MFA Fatigue Phishing Campaign
Account compromises typically occur due to phishing emails, credential compromise, a lack of multi-factor authentication (MFA), exploited vulnerabilities, and data breaches. The NJCCIC recently received a report of a compromised account due to MFA fatigue (or MFA prompt bombing) . In MFA fatigue attacks, threat actors obtain account credentials and attempt to log in multiple times, initiating many MFA authentication requests in an attempt to force their targets to approve them. They hope the target will be distracted and unintentionally provide access or eventually give in due to fatigue and approve one of the requests. Once a request is approved and threat actors gain unauthorized access to the account, they can enroll their own devices and accounts for MFA, change passwords, and lock out account owners. Depending on the account permissions, they can access internal systems, move laterally to other critical systems, and initiate subsequent malicious activity.

In the report, once threat actors compromised the account, they sent a “Mircosoft-365” phishing campaign to the victim’s contact list. The phishing email uses “Mircosoft-365” branding instead of the legitimate “Microsoft 365.” The email is not sent from a Microsoft domain, but appears to use the Mailchimp email marketing platform, as indicated at the bottom of the email. The email purports to be a “Held Message Notice” informing the target that a certain number of messages have been blocked from being delivered and to review and release these messages by clicking the “View Task Messages” button. If clicked, the target is redirected multiple times to a phishing page that harvests account credentials. Links used in this campaign include hxxps://d8yru9hbb[.]cc[.]rs6[.
Recommendations
- If suspicious MFA pop-up authentication requests are received, change the account password immediately to prevent further login attempts and MFA push notifications.

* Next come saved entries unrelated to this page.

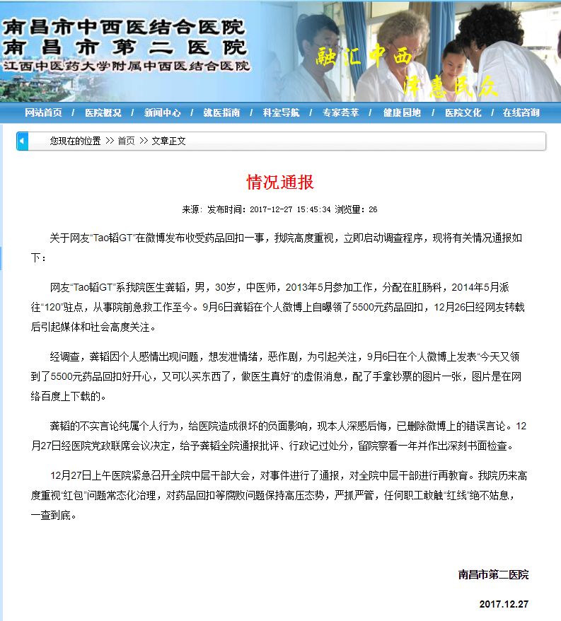 27日,南昌市第二医院在其官方网站上作出情况通报,龚韬的不实言论纯属个人行为,给医院造成很坏的负面影响,现本人深感后悔,已删除微博上的错误言论。经医院党政联席会议决定,给予龚韬全院通报批评、行政记过处分,留院察看一年并作出深刻书面检查。
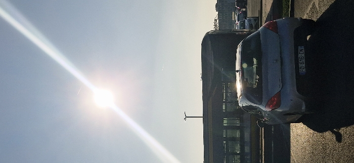 - "The image displays an outdoor scene in Vendin-le-Vieil, France, under a clear sky with a prominently visible sun in the upper left quadrant, generating a strong lens flare" by FM-uLzcF2, licensed under CC BY 4.0
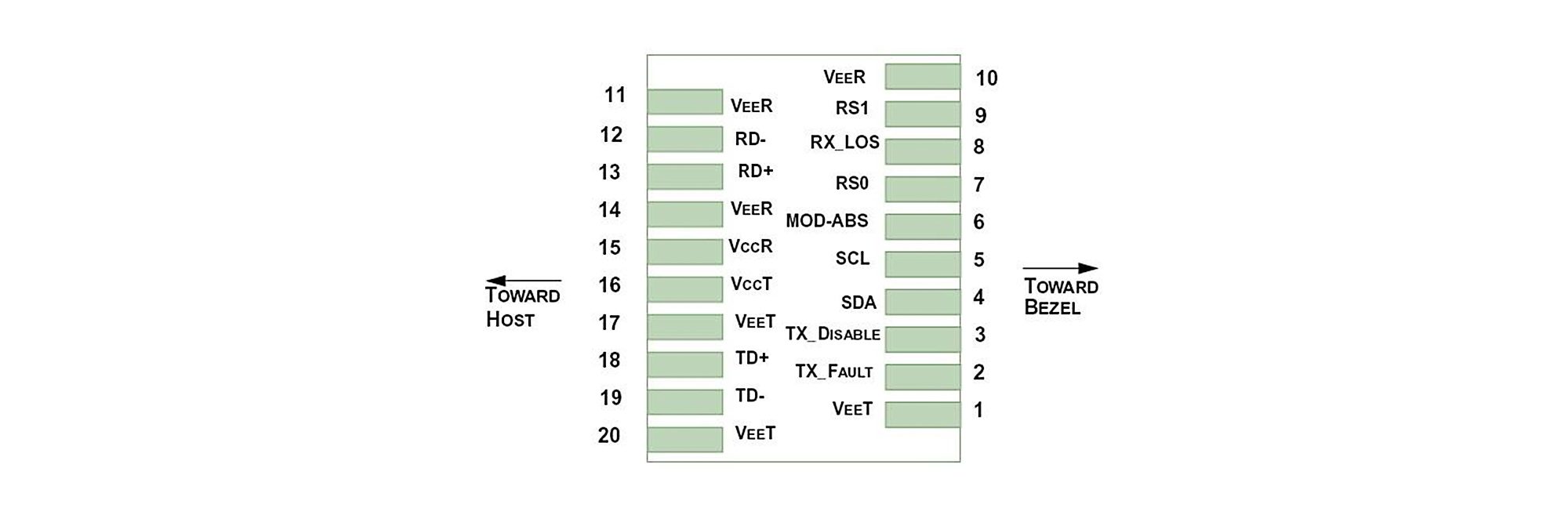 | 4 | SDA | Module definition identifiers | Serial ID with SFF 8472 diagnostics module definition pins should be pulled up to Host Vcc with 10 kΩ resistors. | ||||||
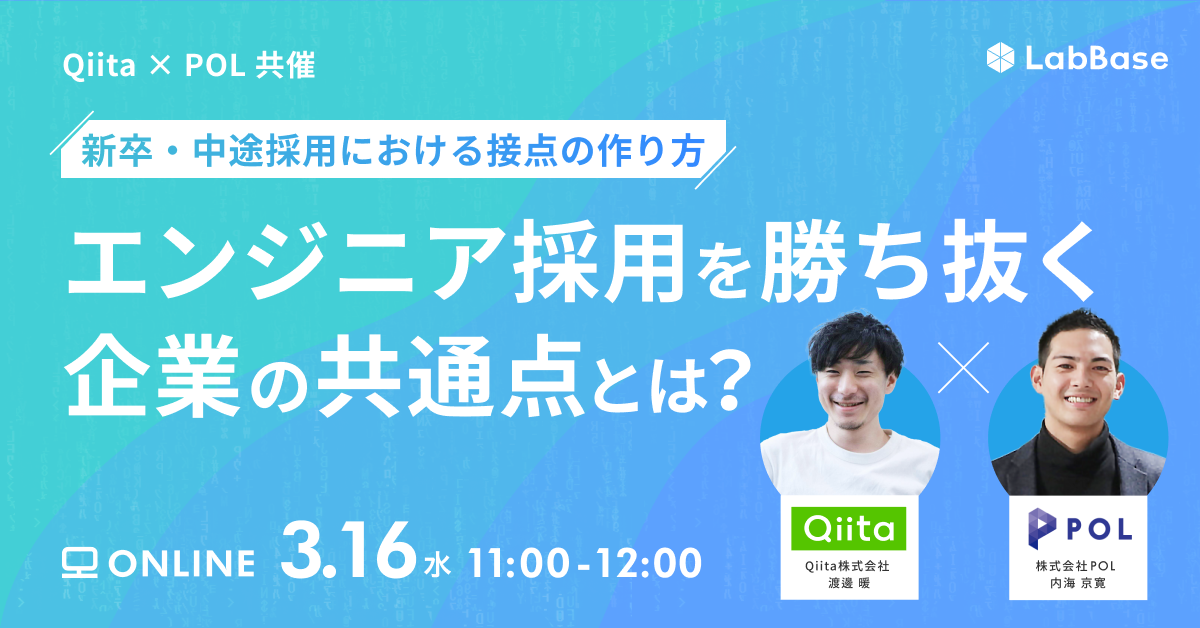 そこで今回、エンジニアに関する知識を記録・共有するためのサービス「Qiita」を運営するQiita株式会社と、理系の学生にアプローチできる新卒採用スカウトサービス「LabBase」を運営する株式会社POLがセミナーを共同開催。エンジニア採用における「接点の作り方」をテーマに、実際にエンジニア採用を成功させている企業が、どのような取り組みを行っているのかなど、新卒・中途採用の両方の視点から具体的な事例を交えてご紹介します。

- For organizations, implement monitoring and warning mechanisms to detect suspicious MFA prompt activity. Limit the number of MFA authentication requests per user within a certain period of time, if this option is available. If thresholds are exceeded, temporarily lock the account and alert the domain administrator.
- Exercise caution with communications from known senders or legitimate platforms.
- Confirm requests from senders via contact information obtained from verified and official sources before taking action, such as clicking on links or opening attachments.
- Type official website URLs into browsers manually and only submit sensitive information on official websites.
- Keep systems and browsers up to date.
- Report malicious cyber activity to the NJCCIC and the FBI’s IC3.